A lot of companies are trying to deliver the same type of self-service access that they delivered for data warehousing and business intelligence users. Those delivery patterns have been well established and the results are good. “But the same sort of transformation hasn’t happened in the land of advanced analytics, AI, and machine learning,” Thusoo says. “That jumps out.”
The survey also tracked usage of popular big data technologies, and highlighted some interesting trends. Apache Flink, in particular, appears to be enjoying a breakout year, as its usage increased by 125% compared to the same survey Qubole conducted in 2017. That was the biggest increase among the 11 frameworks that it tracked, although Flink’s usage is still relatively small, as it’s used at just 9% of the professionals surveyed.
Presto, a promising next-gen SQL engine that runs on Hadoop and other platforms, had the second-biggest gain, at 63%, followed by Impala at 37% and Spark at 29%. Presto outgunned Impala in the overall usage category, 13% to 11%, among SQL engines, although Spark trounced them all with a 31% usage rating.
Thusoo says the churn in big data engines is a good thing, and shows that users are willing to try new technology that will give them an edge. But the diversity also contributes to an increase in technical complexity, and that is a problem that’s holding people back.
“It used to be the case, back in the day….that all the workloads would run on Hadoop and Hive. It’s like when you have a hammer, every problem looks like a nail,” he says. “Then Spark emerged and Spark took a lot of the machine learning workloads, which were very hard to implement on Hadoop and Hive.”

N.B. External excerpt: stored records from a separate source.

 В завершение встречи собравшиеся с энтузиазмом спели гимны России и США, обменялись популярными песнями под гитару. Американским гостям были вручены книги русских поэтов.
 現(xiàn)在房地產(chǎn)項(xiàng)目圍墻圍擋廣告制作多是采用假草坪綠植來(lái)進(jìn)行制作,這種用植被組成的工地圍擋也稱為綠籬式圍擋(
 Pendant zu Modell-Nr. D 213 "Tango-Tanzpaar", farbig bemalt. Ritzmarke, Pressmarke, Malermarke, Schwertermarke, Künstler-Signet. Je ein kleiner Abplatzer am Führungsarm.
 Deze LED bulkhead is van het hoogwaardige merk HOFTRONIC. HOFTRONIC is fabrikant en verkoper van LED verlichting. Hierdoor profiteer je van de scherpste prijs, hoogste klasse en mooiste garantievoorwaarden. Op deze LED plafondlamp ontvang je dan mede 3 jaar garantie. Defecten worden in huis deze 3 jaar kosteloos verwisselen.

But then Apache Spark became the hammer, and was used for everything from machine learning and SQL processing to real-time streaming (its graph environment never seemed to make much progress). Now the big data community is realizing other engines may do a better job than Spark. The beneficiaries appears to be Flink (for real-time streaming) Presto, for (at-scale SQL processing), and Tensorflow (for deep learning).

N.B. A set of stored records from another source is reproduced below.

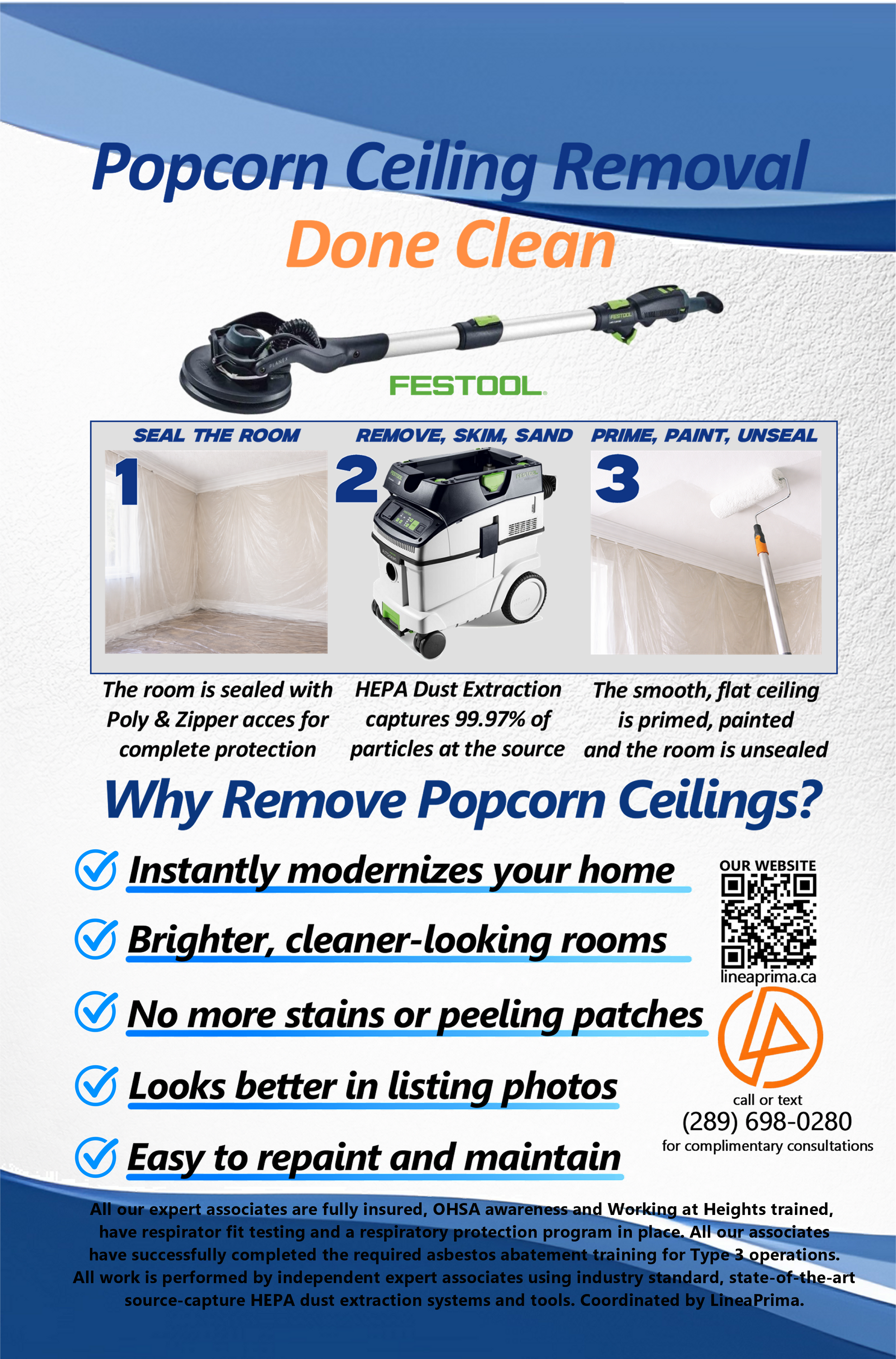 Our specialists are OHSA awareness trained, Working at Heights compliant, and have respirator fit testing and a respiratory protection program in place. All our associates must be type 3 asbestos abatement certified.
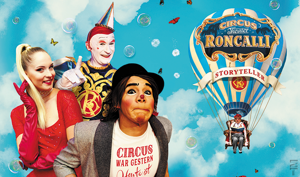 Bereits 800.000 begeisterte Zuschauer erlebten Bernhard Paul’s neuestes Meisterwerk „Storyteller-Gestern, Heute, Morgen“. Jetzt kommt das umjubelte Spektakel 2019 nach München. Das Gastspiel findet vom Samstag, den 12. Oktober bis zum Dienstag, den 12. November auf dem Kreativquartier am Leonrodplatz statt. Bernhard Paul’s Circus-Theater Roncalli ist ein poetisches Schauspiel für Jung und Alt. Bereits zu den Anfangszeiten Roncallis gelang es dem Direktor und Gründer, nicht nur preisgekrönte und lang für die Manege verloren geglaubte Stars, sondern auch außergewöhnliche Vertreter anderer Kunstformen in seinen Circus zu holen und so seinem Publikum immer wieder ganz neue Geschichten zu erzählen.
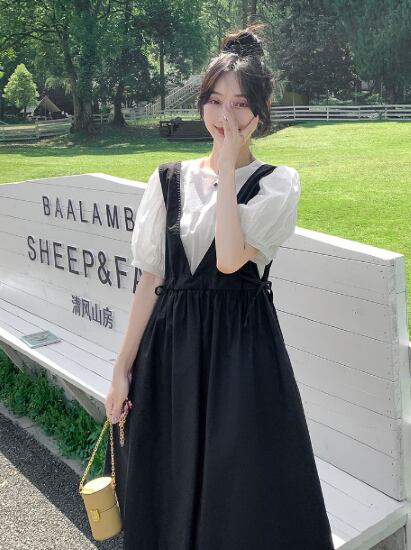 セットアップ レディース 半袖トップス パフスリーブ ノースリーブワンピース ハイウエスト 2点セット 重ね着 レイヤードスタイル ラウンドネック コントラストカラー 膝丈ワンピース Aラインスカート
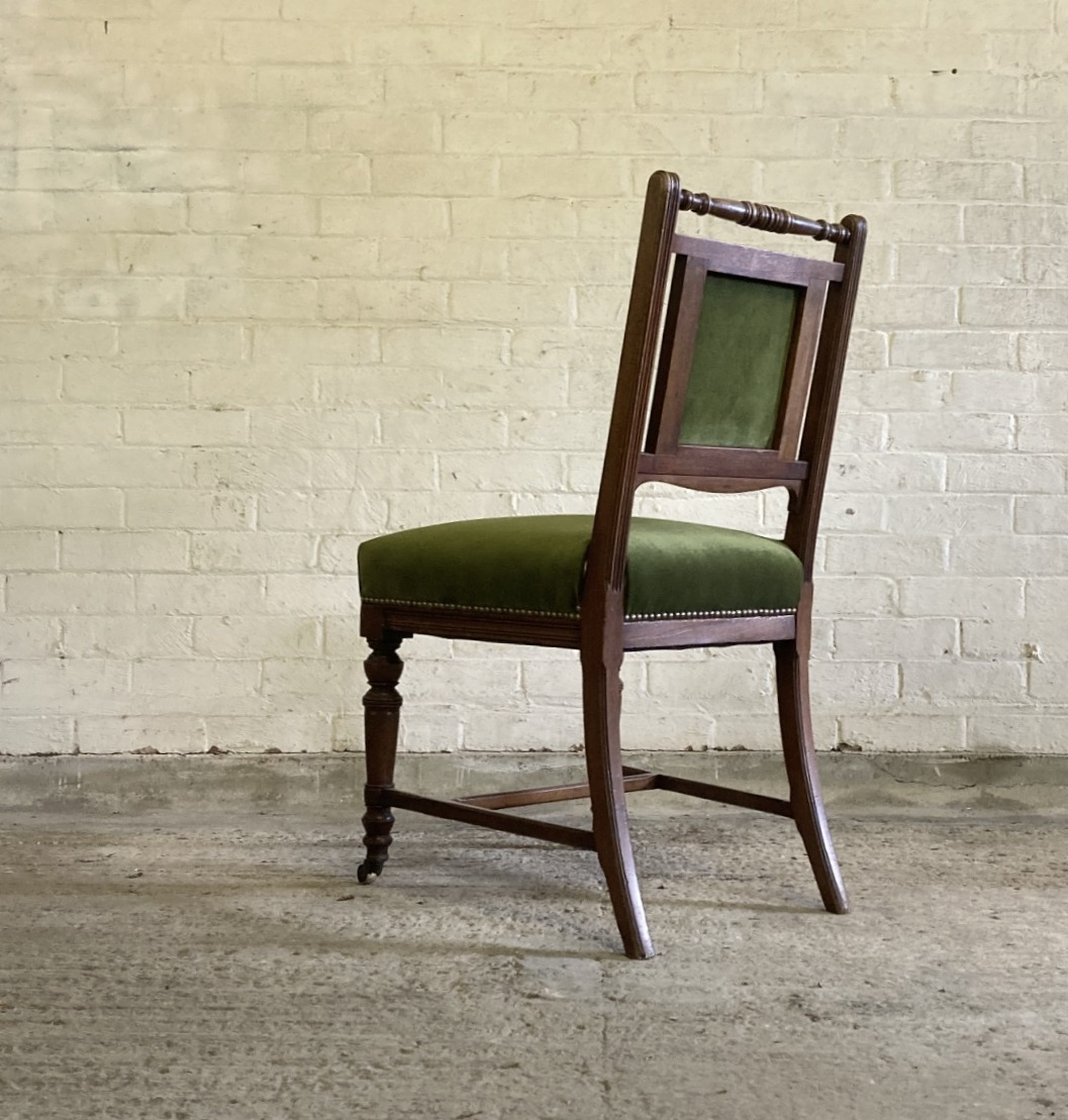 A set of 6 execptional deep seated dining chairs from renowned London makers Howard and sons. Superb quality construction with design elements inspired by Godwin. All in excellent condition with minor wear for their age. All have original stamped casters and some serial numbered on inner rear leg. Reupholstered in a green velvet with decorative nails. We also have a matching carver chair to this set in the last photo listed separately.

According to Thusoo, 75% of Qubole customers use more than one engine (the company doesn’t support Flink on its cloud offering, but could in the future). “All this is emblematical of the fact that the complexity of the analytics that is being done on the database is changing,” he says. “It’s evolving. There was no deep learning three or four years back. It was very nascent, and now it is becoming suddenly mainstream.”
Hadoop so far is weathering this approach, as it supports many of the engines that people want to use, although neither Spark, Flink, Presto, nor Tensorflow are tied to Hadoop. “There’s still growth,” Thusoo says of Hadoop. “It’s not like it’s not growing. But no single engine can solve all the analytics issues. And I feel that’s being reflected in what is happening in Hadoop as well, that they cannot solve every use case.”
The big winners out of this could be the cloud vendors. According to Qubole’s survey, 73% of survey-takers are using the cloud, up from 58% in 2017. There are several reasons for the growth of clouds for big data workloads.
“Because of the complexity involved, a turnkey solution in the cloud, or a cloud service, helps to hide or abstract away the complexity form users and that also helps for big data,” Thusoo says. “The machine learning, AI, and advanced analytics workloads have certain needs from infrastructure, certain peculiar properties, and those properties are best met by cloud platforms.”
We’re still in the midst of hashing out reference architectures for machine learning, AI, and advanced analytics workloads, but it’s a good bet that those architectures will look more complex than BI and DW architectures of the past. If there are customers to be won and dollars to be made, then you can bet that companies will do it, complexity be damned.
“The data complexity is the same, but the technology complexity as well as the analytic complexity have both increased,” Thusoo says, “and I think that makes this an even harder problem than it was previously.”